Graphing our Results
The final thing a stakeholder could want from our application is a graph of the results. This was the most difficult part for me to implement because all of the fancy plugins ChatGPT has to graph results are only available on the Paid Tier and I believe are not available via the API. So I had to get a little hack-y and creative to graph our results.

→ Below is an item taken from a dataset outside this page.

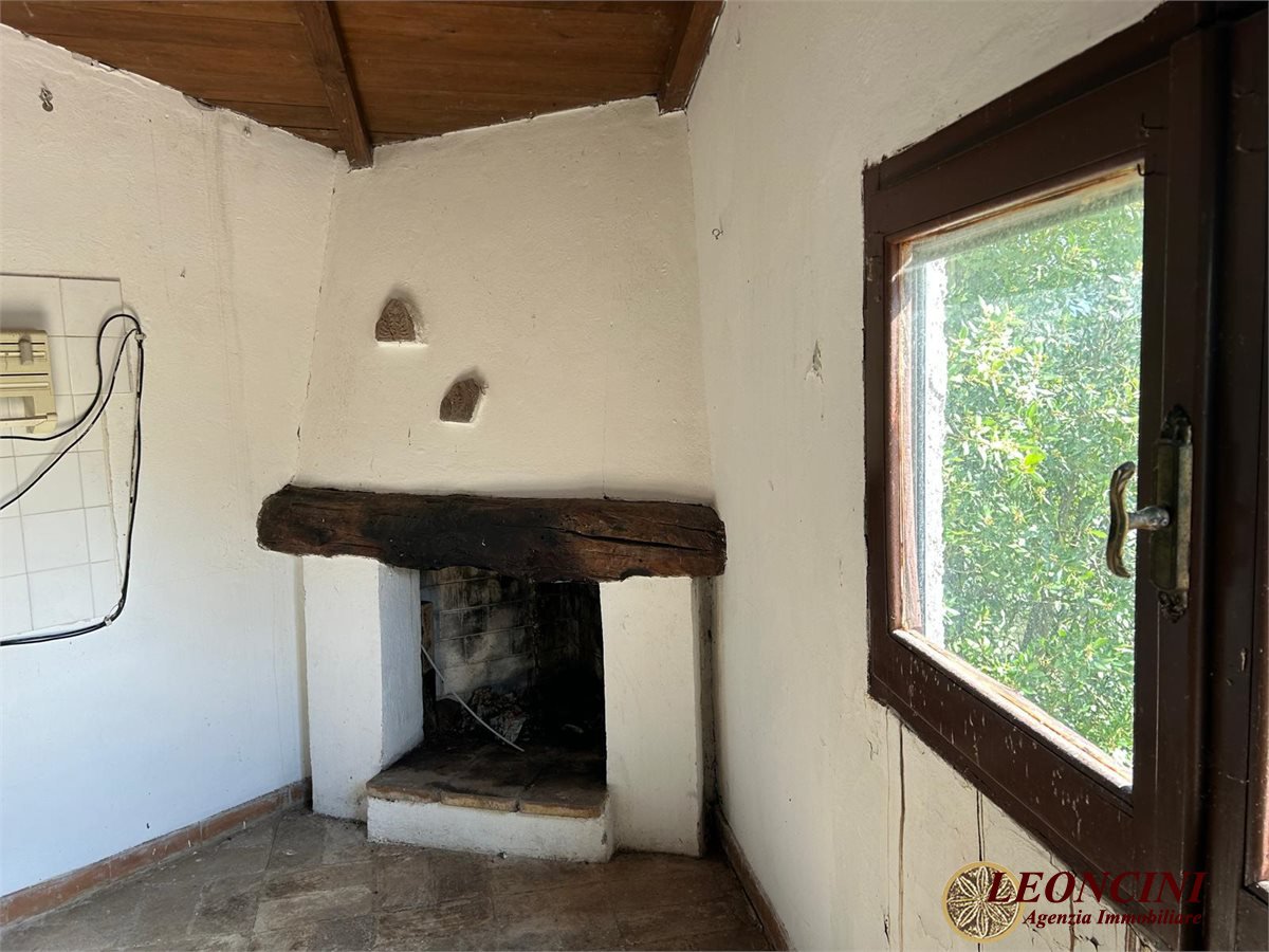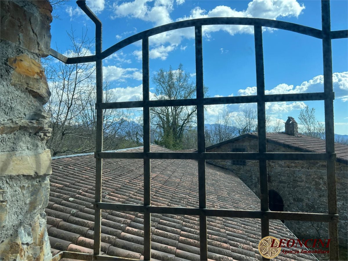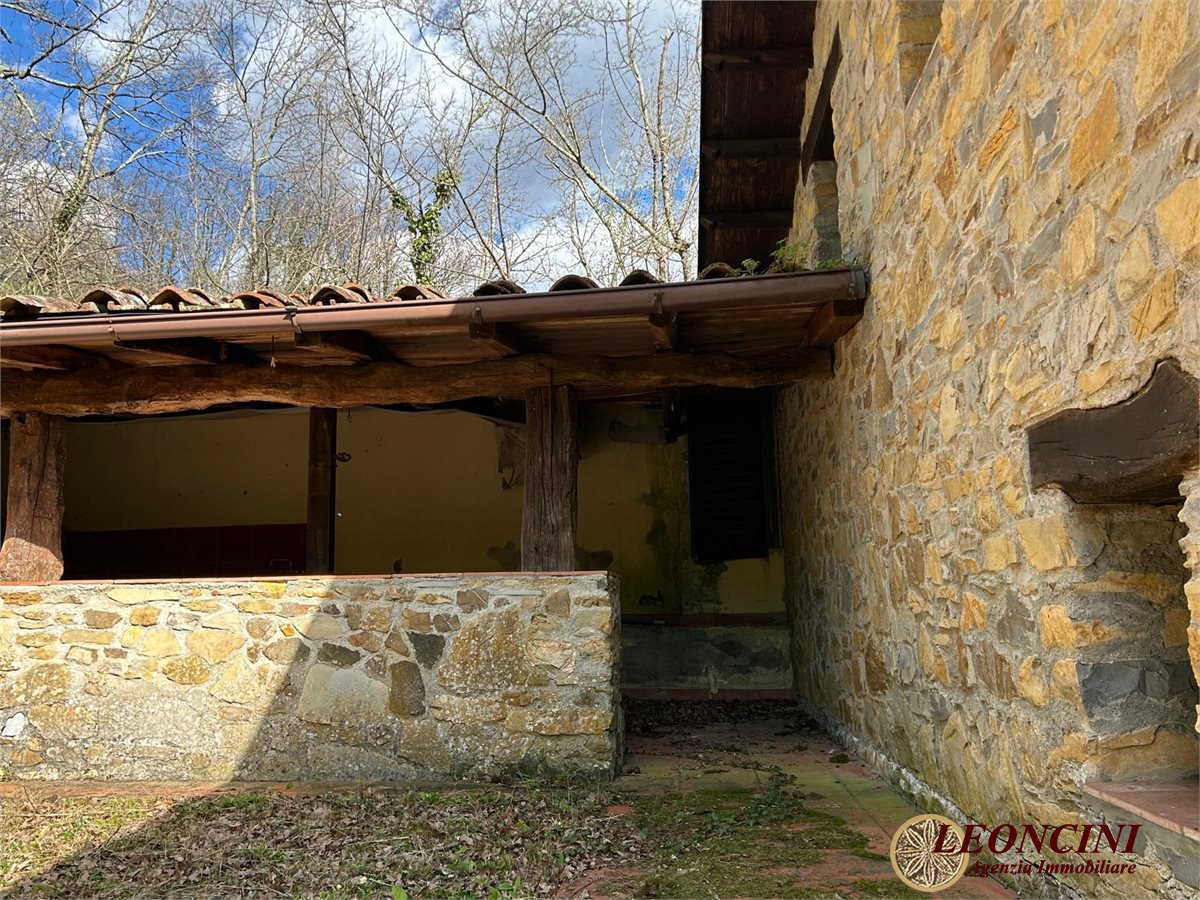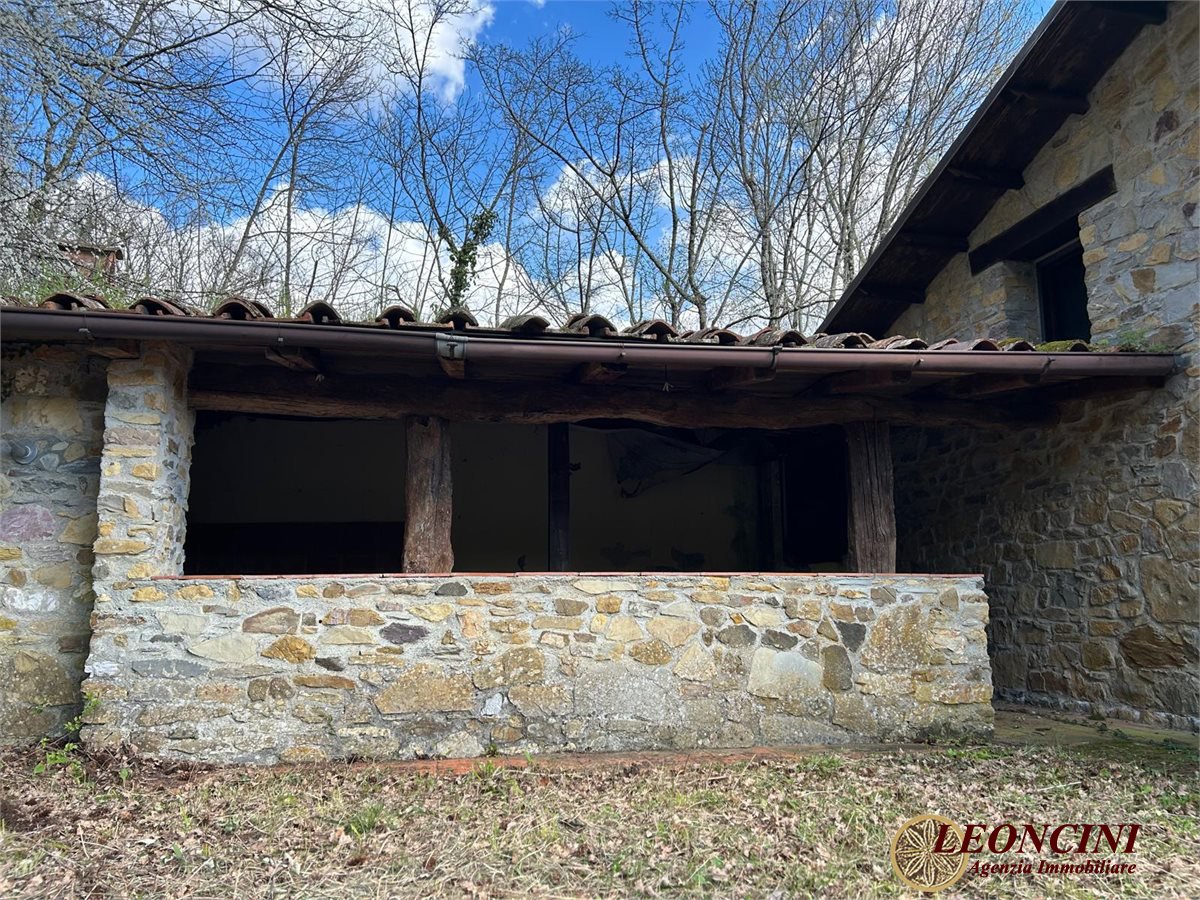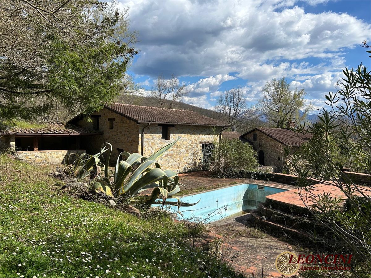 Fivizzano, loc. Agnino, is offering a rustic farmhouse for sale. The building is a rural stone complex, composed of several interconnected structures, with tiled roofs and stone walls. The architecture recalls a traditional rustic style, typical of a country farmhouse or an old mill. The windows and doors integrate with the original design; part of the building, built as an extension, features glass surfaces with iron grilles. The building is surrounded by a large outdoor area featuring a green lawn with deciduous trees. To the north extends a wooded hill with mixed vegetation in a natural and picturesque setting. Externally, adjoining the north façade of the building, on the raised ground floor, is a rustic covered area (like a canopy) with an outdoor kitchen and a barbecue area. The architecture is simple and functional, with exposed masonry and stone walls, a built-in fireplace, and a masonry sink covered with ochre-colored tiles. The ceiling is supported by solid wood beams and a central wooden pillar, while the terracotta floor is typical of traditional rural homes.

The first thing I did was have ChatGPT tell me which chart would be the best to graph our data.
graph_message = [
{
"role": "user",
"content": f"Given this data:{df}, give me one chart type to display the data. Do not include the question in your response. Give me only the chart type",
}
]
graph_completion = openai.ChatCompletion.create(
model="gpt-3.5-turbo", messages=graph_message
)
chart_type = graph_completion.choices[0].message.content
st.write(f"Graphing Data Result as a {chart_type}")
For our question, How many customers signed up per day?
I noticed that ChatGPT returned either Line Chart or Bar Chart. So I chose to implement these two paths as if-blocks in our Python code. Additionally, since I'm using Streamlit's line_chart and bar_chart functions, it was important especially for the line_chart to additionally identify which columns belong on the X-Axis and which belong on the Y-Axis. This is what I came up with so I could leverage ChatGPT to tell me which columns are perfect for the X and Y Axes.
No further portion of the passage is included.